OK, a lot of people seem outraged.

Why?

Mainly because of kneejerk anti-MS feelings, apparently.

This guy – in all innocence, to be fair – took pictures at work, published them on the Web, and disclosed the contents of what was being unloaded, where the dock was, where he worked and so on.

This isn’t good – even if there is a certain paranoia on the MS campus, why would they risk keeping this guy (only a temp, as well)? What will he photography/copy and post next? Code samples, meeting agendas, manager schedules? Sure, that sounds paranoid, but you just don’t out your employer in this manner, unless it’s a matter of public safety (which is why there are whistleblower laws).

Hanscom even tips his hand – in his blog entry – that he felt that pictures and postings could cause issues:

…”when I took the picture, I made sure to stand with my back to the building so that nothing other than the computers and the truck would be shown — no building features, no security measures, and no Microsoft personnel.”

Michael Hanscom

But then he posts the pictures with information about where the dock was and so on.
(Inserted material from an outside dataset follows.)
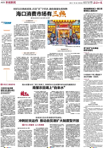“海南自贸港封关在即,我们将立足岗位,全力以赴确保封关运作平稳有序,同时着眼封关运作后发展需求,积极推动海南自贸港扩大制度型开放,不断提升贸易自由化便利化水平。”省商务厅自由贸易港改革发展处相关负责人表示。(本报海口11月19日讯)
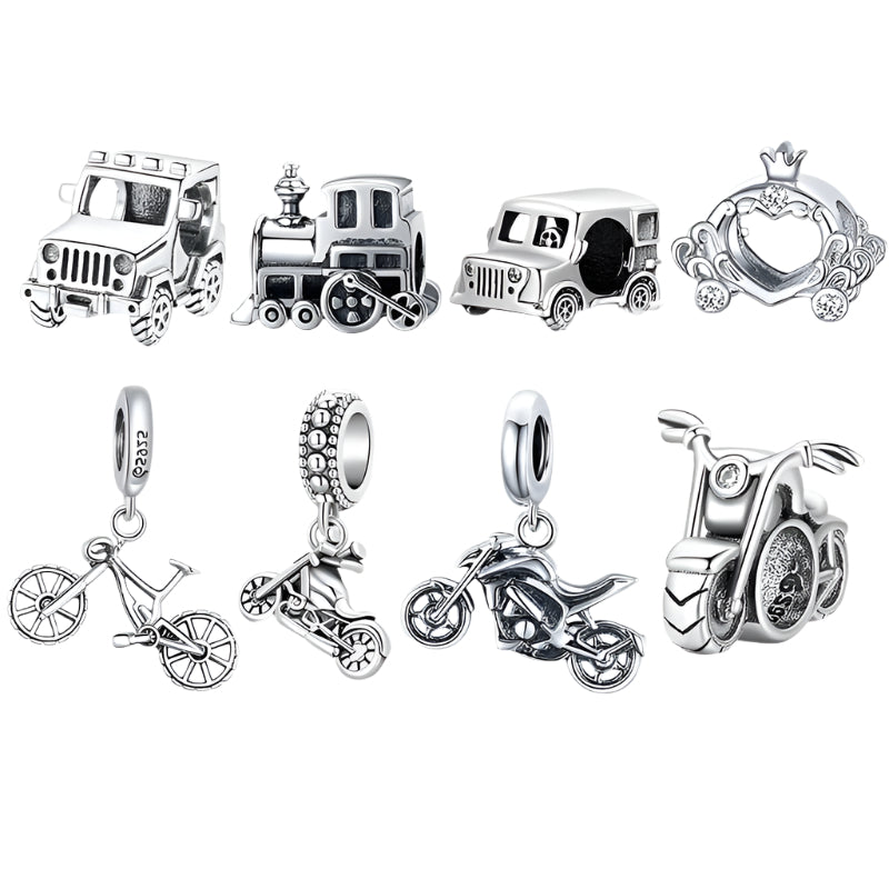 Take a journey through time with Black Diamonds' Classic Transportation Charm Beads. This extraordinary jewelry features a classic car, bicycle, and train all set in 92.5% pure silver and 7.5% high quality and hypoallergenic metals - and of course, diamonds included! Make a statement with this unique and unusual design at an affordable price and experience an adventure like no other.

I’m sorry, I don’t feel too sorry for this guy – he screwed up, and – true – he didn’t mean anything malicious. But he did screw up.

Play you pay…

Microsoft Bets the Company on Longhorn

Even C|Net is getting into the speculation that this latest acknowledgement (not that it’s new info) from Redmond that Longhorn is a “bet the company” move, calling the gambit a

gamble.

I don’t get it.

This is a fulcrum point for MS – they can either (try to) keep selling WinNT-based OSes and virtually identical new editions of Office (is there anything in Word2000 that you cannot live without that’s not in Word95? Not unless you’re trying to used Word as a Quark-substitute).

This is the next stage in the evolution of personal computing, one that actually is predicated on the needs of business – like it or not, the DRM features, new file systems, services support and so on are squarely targeted at businesses.

Because it will make it simpler for Web services to (finally!) become commonplace.

Which is an interesting statement (if true) because that means that Web services won’t become commonplace for another four years or so (Longhorn due sometime in 2006; widespread adoption will take another couple of years after that).

But as far as the gamble MS is taking; I don’t think so. By the time the OS (and support tools, such as Yukon [new SQL Server]) rolls out, businesses will be ready. Businesses have been slow to embrace XP – sticking to 2000 or NT (but support is now gone, since June, I believe). Unless the OS is delayed too much (always a possibility) and businesses finally move to XP, there should be a real need for a new tool.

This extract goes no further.